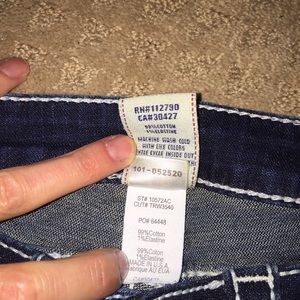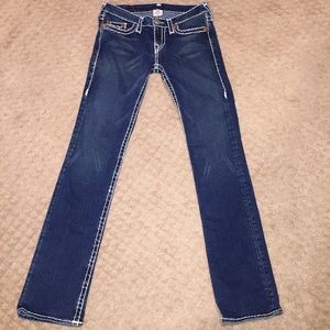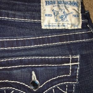 True Religion Disco Billy Big T Jeans, NWOT, Gorgeous! Dark wash, MINT. Light blue crystals on pockets (front & back). Size 29, inseam 34".
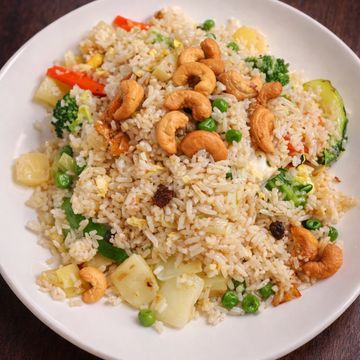Fried rice with egg, pineapple, peas, carrots, raisin and cashew nuts
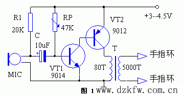 话筒MIC选用普通驻极体电容话筒,T采用便携式收音机输出变压器铁芯绕制,初级用Φ0.15mm漆包线绕80匝,次级用Φ0.08mm漆包线绕5000匝。RP为47k带开关的电位器。电源采用二节5号电池。电极用厚0.5-1mm左右的铜片焊上两根细绝缘导线,并将铜片弯成指环套在不相邻的两手指上。
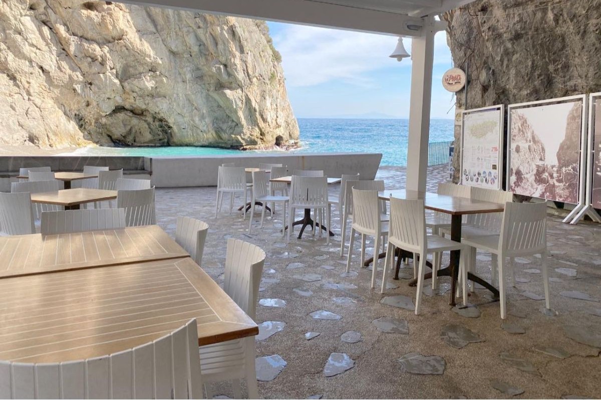 Sempre a Marina di Praia si trova la Trattoria Da Armandino, uno dei ristoranti più autentici e amati della zona. Qui la vista è intima e suggestiva, con i tavoli affacciati sulla piccola baia incorniciata dalle scogliere. L’atmosfera è familiare e accogliente, perfetta per chi cerca un’esperienza genuina. La cucina è semplice ma di grande qualità, basata su ricette della tradizione locale e materie prime accuratamente selezionate. Ogni piatto racconta il territorio, senza eccessi ma con grande attenzione al gusto. È il posto ideale per chi cerca un ambiente rustico, semplice e informale, con una vista davvero unica.

To do:
Give an exact copy of the data, and omit any pictures it holds.

Exercise response:
 True Religion Disco Billy Big T Jeans, NWOT, Gorgeous! Dark wash, MINT. Light blue crystals on pockets (front & back). Size 29, inseam 34".
Fried rice with egg, pineapple, peas, carrots, raisin and cashew nuts
 话筒MIC选用普通驻极体电容话筒,T采用便携式收音机输出变压器铁芯绕制,初级用Φ0.15mm漆包线绕80匝,次级用Φ0.08mm漆包线绕5000匝。RP为47k带开关的电位器。电源采用二节5号电池。电极用厚0.5-1mm左右的铜片焊上两根细绝缘导线,并将铜片弯成指环套在不相邻的两手指上。
 Sempre a Marina di Praia si trova la Trattoria Da Armandino, uno dei ristoranti più autentici e amati della zona. Qui la vista è intima e suggestiva, con i tavoli affacciati sulla piccola baia incorniciata dalle scogliere. L’atmosfera è familiare e accogliente, perfetta per chi cerca un’esperienza genuina. La cucina è semplice ma di grande qualità, basata su ricette della tradizione locale e materie prime accuratamente selezionate. Ogni piatto racconta il territorio, senza eccessi ma con grande attenzione al gusto. È il posto ideale per chi cerca un ambiente rustico, semplice e informale, con una vista davvero unica.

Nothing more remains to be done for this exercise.